Task to complete: The needed output is the run of lines below from the one containing "30代 マイホーム購入" through the one containing "Никольская церковь. 1802–1812 гг.", copied exactly and free of pictures.

Supplied records:
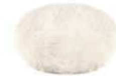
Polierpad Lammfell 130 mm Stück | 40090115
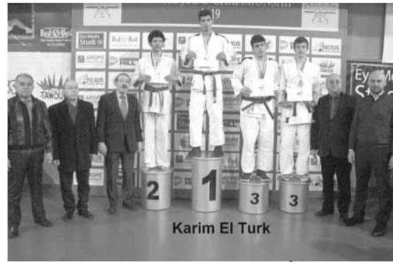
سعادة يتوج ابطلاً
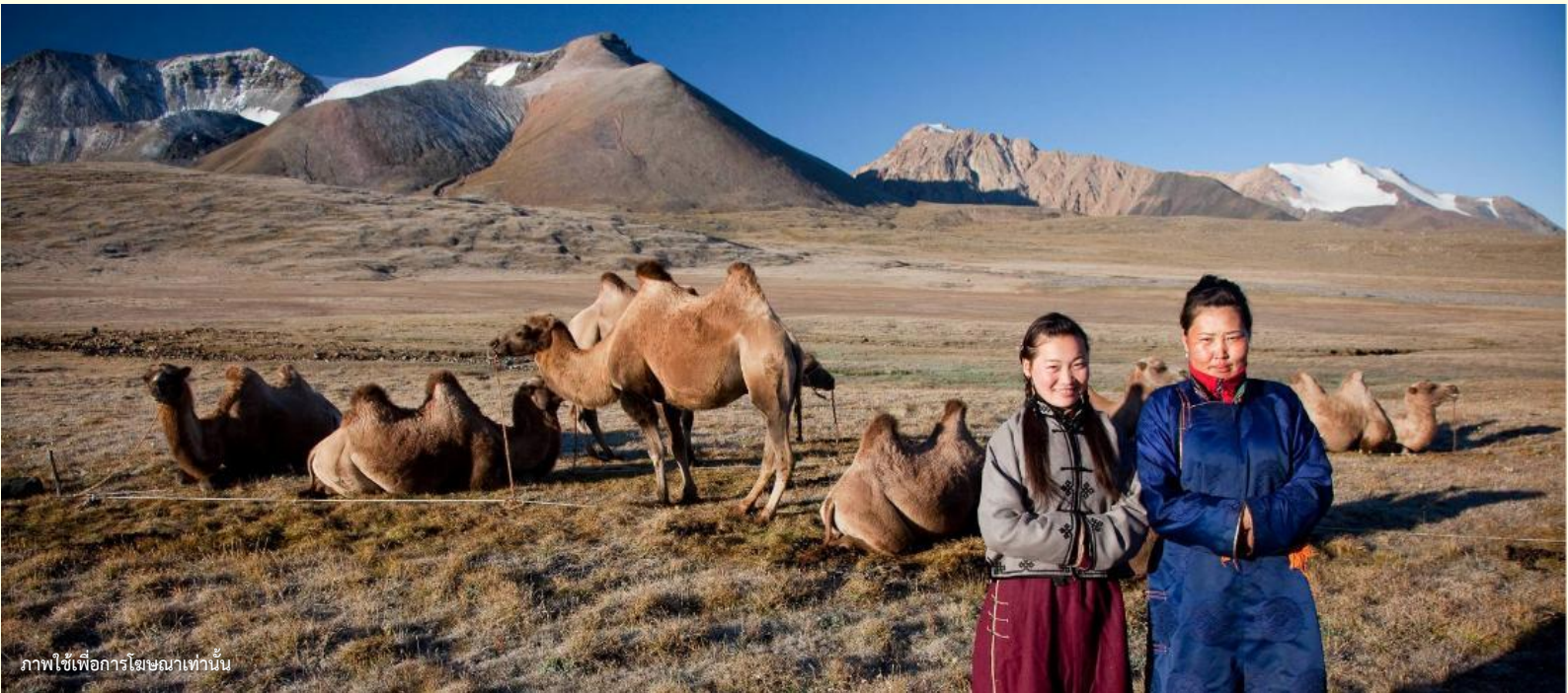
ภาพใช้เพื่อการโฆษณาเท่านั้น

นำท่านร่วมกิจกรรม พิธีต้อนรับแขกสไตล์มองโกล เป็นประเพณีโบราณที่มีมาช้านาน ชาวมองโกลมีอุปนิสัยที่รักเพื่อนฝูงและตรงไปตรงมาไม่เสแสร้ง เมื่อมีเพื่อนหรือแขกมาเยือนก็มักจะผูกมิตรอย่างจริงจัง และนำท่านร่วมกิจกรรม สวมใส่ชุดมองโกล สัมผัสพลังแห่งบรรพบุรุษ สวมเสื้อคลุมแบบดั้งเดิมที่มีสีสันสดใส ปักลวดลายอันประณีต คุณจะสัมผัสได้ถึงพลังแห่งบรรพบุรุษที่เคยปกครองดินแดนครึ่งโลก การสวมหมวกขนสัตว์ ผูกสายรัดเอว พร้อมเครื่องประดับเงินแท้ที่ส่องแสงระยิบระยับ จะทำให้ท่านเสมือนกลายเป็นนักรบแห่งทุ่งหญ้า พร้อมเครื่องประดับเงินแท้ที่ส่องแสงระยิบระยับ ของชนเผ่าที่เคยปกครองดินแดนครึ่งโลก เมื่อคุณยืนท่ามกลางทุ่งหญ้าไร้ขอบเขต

--

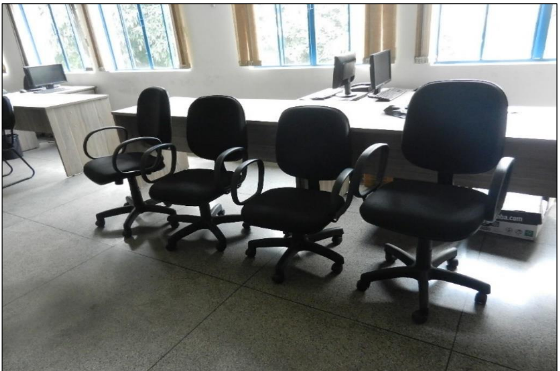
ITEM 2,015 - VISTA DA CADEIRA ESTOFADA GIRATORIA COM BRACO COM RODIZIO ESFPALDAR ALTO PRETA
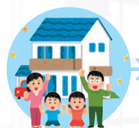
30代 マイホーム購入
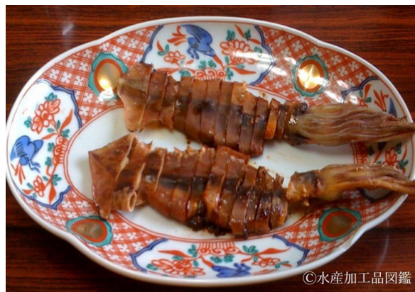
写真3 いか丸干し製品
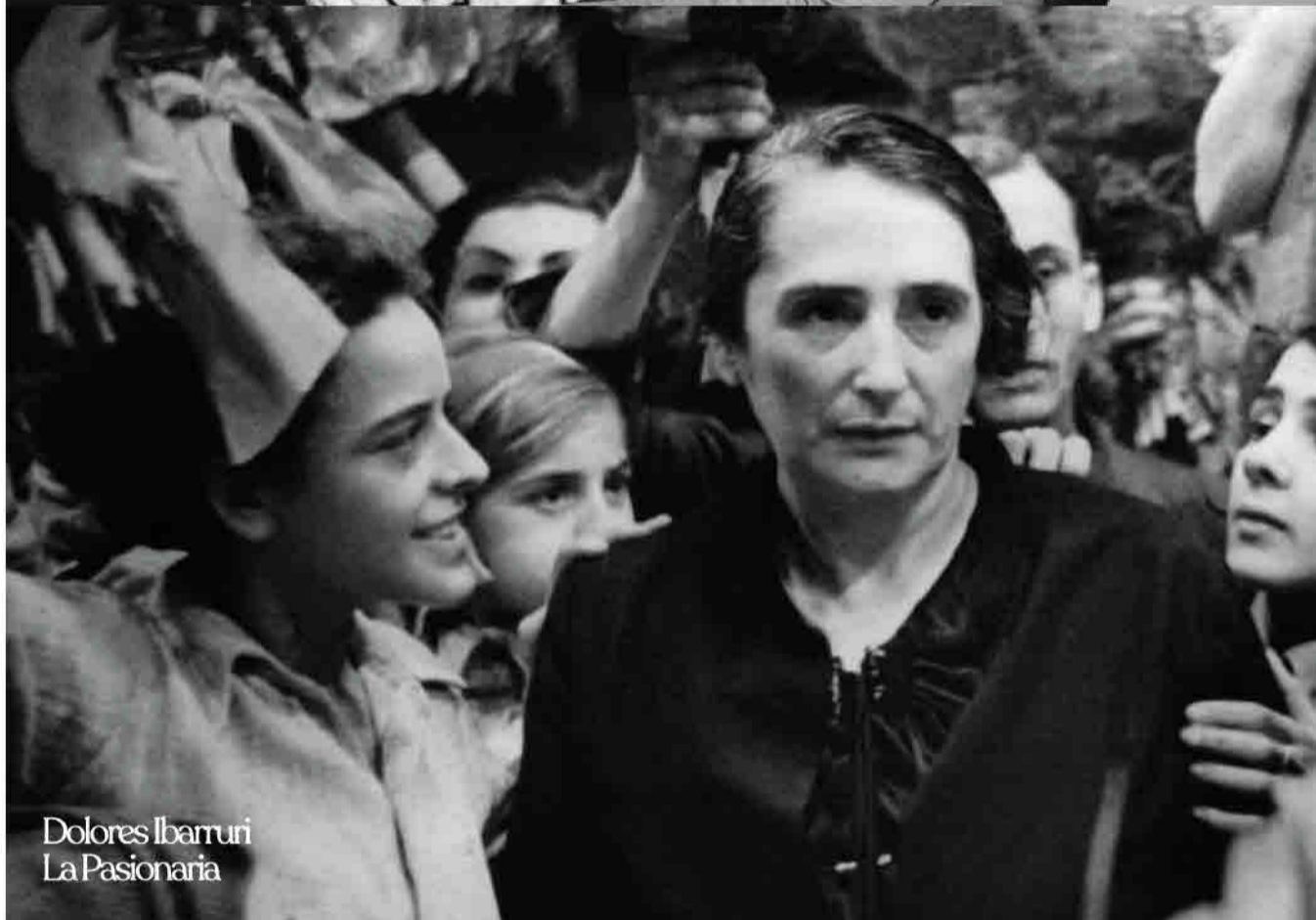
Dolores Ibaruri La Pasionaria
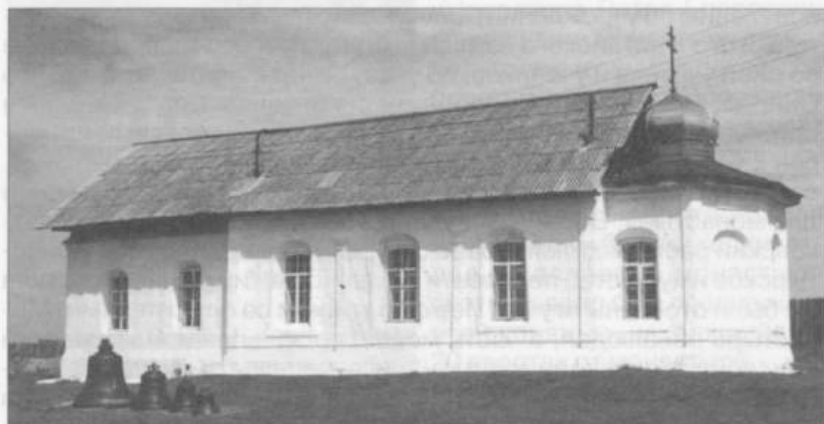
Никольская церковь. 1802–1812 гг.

...

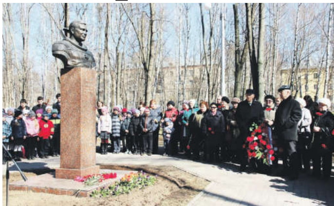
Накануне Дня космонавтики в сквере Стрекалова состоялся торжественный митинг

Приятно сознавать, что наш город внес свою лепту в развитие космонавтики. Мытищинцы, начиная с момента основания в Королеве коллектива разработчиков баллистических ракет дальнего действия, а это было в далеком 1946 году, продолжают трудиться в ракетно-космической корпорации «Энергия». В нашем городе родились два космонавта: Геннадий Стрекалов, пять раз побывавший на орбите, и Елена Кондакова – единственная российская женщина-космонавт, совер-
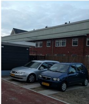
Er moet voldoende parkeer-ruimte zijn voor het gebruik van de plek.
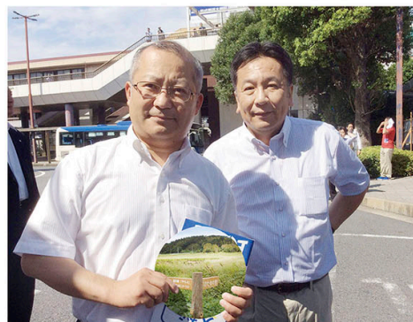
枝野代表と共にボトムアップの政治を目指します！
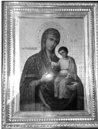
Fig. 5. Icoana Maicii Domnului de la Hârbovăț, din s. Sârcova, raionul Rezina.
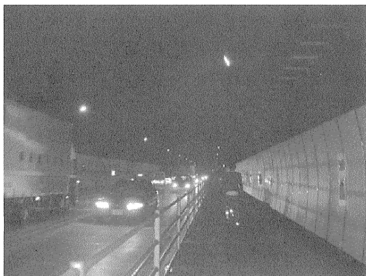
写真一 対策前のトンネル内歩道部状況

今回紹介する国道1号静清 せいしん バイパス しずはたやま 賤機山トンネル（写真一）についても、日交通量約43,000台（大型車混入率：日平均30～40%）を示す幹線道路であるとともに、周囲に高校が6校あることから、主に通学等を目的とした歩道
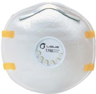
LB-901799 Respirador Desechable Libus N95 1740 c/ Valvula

Result of this task:
30代 マイホーム購入
写真3 いか丸干し製品
Dolores Ibaruri La Pasionaria
Никольская церковь. 1802–1812 гг.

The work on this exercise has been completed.